Cloud providers are working to improve their firewall offerings for a more secure cloud infrastructure. For now, cloud-native firewall capabilities aren’t comparable to the firewall platforms traditional vendors offer. You potentially could see a trend of major cloud providers acquiring firewall vendors to bridge this gap and create more advanced cloud-native solutions.
Other aspects to consider include:
- Cloud firewalls offer the flexibility of scaling up or down through licensing to meet your capacity needs, in contrast to purchasing additional physical firewalls when you need to scale those.
- Most public clouds offer different licensing options. In many cases, a bring-your-own-license approach can be more cost-effective than pay-as-you-go.
- Depending on the skill sets in your organization, you may want to choose managed services for seamless cloud firewall integration.
What Is A Hybrid Mesh Network Firewall?
In the emerging hybrid mesh network trend, organizations deploy a combination of firewalls in multiple form factors for comprehensive security coverage. These can be on-premise or in public cloud, and in virtualized or container environments.
The flexibility of a hybrid mesh network firewall enables a centralized approach to manage and configure the various types of firewalls and integrate policies. You can efficiently scale up and down to adapt to varying workloads while maintaining consistent security protocols across environments.
How Has Managing And Owning Firewalls Become More Complex?
Firewall ownership and management have evolved as firewall functionalities expanded. Once part of the telecom or networking group, firewalls now perform much more in the security realm.
In many cases, a security and risk management team or governance group oversees firewall policies. Infrastructure and operations groups as well as applications teams provide input into firewall configuration and management.

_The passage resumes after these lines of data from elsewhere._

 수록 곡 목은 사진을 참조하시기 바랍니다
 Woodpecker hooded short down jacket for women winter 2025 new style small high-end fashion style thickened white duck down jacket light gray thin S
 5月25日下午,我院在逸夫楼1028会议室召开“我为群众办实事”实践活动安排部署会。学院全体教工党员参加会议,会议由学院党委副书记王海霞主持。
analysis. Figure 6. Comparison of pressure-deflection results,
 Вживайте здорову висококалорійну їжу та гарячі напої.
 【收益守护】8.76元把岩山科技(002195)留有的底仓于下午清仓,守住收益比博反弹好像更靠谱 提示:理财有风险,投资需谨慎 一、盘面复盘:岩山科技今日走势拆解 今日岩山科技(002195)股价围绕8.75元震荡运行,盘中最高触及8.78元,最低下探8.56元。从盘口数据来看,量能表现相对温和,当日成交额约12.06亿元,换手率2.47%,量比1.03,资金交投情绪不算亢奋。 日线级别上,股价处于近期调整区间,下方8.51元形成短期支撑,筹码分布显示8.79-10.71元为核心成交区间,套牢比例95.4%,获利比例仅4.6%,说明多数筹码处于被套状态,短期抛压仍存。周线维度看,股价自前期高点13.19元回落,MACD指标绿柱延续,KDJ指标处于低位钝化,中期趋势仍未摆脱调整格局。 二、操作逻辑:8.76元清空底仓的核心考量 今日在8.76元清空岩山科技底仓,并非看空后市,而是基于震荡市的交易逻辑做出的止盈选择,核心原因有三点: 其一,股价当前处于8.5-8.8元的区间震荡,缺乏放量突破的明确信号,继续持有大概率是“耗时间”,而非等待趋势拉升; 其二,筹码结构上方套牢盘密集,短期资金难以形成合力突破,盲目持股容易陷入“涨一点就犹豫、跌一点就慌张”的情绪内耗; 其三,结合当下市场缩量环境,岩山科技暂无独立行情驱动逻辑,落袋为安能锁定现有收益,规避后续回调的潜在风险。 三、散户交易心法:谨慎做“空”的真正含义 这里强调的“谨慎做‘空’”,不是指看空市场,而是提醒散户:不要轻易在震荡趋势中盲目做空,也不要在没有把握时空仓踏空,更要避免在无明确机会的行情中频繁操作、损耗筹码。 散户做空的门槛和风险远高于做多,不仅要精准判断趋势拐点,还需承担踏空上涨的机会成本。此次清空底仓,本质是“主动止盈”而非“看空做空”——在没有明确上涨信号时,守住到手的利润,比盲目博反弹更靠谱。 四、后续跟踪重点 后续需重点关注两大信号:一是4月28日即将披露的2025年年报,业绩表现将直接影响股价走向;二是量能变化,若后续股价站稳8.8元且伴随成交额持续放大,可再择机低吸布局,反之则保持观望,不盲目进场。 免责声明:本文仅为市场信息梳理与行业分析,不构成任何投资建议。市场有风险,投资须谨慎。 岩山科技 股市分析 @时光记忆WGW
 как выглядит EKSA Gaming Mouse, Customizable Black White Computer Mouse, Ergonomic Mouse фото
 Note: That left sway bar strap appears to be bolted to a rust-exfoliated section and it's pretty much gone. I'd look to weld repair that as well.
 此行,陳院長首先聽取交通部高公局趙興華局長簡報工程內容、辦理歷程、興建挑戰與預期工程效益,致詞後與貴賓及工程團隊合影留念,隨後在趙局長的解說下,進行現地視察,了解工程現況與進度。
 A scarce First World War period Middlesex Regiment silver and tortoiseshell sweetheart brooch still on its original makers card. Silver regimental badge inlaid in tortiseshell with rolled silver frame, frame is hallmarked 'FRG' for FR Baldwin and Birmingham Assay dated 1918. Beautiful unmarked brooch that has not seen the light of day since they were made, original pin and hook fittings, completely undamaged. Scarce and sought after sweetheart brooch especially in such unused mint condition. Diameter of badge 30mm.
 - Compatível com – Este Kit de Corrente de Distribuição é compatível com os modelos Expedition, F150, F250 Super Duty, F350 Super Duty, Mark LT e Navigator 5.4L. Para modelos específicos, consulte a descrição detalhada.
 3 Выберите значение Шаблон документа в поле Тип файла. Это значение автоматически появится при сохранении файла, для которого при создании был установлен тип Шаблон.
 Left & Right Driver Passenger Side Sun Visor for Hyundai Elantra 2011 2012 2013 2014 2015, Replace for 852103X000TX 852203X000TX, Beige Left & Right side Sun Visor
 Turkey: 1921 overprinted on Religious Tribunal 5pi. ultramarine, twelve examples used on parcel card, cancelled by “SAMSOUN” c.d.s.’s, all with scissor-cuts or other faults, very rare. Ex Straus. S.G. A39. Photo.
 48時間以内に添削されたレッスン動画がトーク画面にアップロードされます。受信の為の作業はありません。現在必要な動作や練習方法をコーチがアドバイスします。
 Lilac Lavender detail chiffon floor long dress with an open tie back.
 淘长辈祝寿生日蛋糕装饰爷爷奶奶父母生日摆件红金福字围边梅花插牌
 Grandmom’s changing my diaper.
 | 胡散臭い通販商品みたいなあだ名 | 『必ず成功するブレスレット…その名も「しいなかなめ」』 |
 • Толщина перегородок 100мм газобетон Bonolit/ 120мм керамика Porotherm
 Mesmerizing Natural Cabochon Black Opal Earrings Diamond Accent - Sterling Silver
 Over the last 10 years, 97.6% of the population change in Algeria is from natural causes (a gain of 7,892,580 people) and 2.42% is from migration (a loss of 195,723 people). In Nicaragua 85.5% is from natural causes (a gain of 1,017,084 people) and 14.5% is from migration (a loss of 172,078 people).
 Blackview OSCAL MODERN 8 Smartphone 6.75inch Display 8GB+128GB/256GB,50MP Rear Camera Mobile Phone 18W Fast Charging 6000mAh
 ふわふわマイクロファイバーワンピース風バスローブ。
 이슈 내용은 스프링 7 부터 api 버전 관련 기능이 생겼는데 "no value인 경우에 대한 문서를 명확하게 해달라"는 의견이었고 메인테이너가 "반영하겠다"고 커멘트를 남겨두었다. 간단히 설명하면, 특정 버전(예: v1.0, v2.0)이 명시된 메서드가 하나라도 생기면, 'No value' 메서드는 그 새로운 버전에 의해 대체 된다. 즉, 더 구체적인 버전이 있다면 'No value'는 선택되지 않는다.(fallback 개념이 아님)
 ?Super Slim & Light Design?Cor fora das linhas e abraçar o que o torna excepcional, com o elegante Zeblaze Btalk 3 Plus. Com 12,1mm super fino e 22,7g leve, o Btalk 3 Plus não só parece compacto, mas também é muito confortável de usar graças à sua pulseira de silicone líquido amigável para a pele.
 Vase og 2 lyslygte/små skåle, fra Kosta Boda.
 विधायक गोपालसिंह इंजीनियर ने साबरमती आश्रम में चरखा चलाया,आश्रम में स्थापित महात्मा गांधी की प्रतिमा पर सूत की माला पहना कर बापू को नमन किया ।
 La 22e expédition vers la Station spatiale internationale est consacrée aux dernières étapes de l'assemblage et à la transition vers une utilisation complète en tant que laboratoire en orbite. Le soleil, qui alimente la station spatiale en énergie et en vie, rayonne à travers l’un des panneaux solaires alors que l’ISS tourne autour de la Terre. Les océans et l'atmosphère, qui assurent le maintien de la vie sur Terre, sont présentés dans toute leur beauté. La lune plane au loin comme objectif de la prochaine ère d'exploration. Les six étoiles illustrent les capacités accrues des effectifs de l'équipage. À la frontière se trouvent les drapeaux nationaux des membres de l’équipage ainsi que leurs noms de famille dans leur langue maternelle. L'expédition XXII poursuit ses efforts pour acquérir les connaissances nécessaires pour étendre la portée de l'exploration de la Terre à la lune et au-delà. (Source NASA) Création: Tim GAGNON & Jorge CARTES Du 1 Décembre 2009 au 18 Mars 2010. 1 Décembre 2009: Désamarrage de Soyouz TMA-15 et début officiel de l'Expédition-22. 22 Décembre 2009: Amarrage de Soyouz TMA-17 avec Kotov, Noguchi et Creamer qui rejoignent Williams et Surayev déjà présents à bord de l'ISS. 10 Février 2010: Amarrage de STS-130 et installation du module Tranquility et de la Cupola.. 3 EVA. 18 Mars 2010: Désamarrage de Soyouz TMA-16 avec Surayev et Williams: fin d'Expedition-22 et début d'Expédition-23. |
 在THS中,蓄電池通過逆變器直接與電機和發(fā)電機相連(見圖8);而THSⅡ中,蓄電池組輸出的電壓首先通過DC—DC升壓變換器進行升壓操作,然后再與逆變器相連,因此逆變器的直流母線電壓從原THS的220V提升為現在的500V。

Gerry Wollam, Sayers Senior Cybersecurity Solutions Architect, says:
“As firewalls have become a platform that controls and sees so many more things than before, many companies struggle with all those features being under one roof. They don’t know how to manage it, or who is responsible for it.”
With different ports, protocols, applications, and inspection capabilities between different segments, firewalls will continue to require involvement from multiple groups within the organization.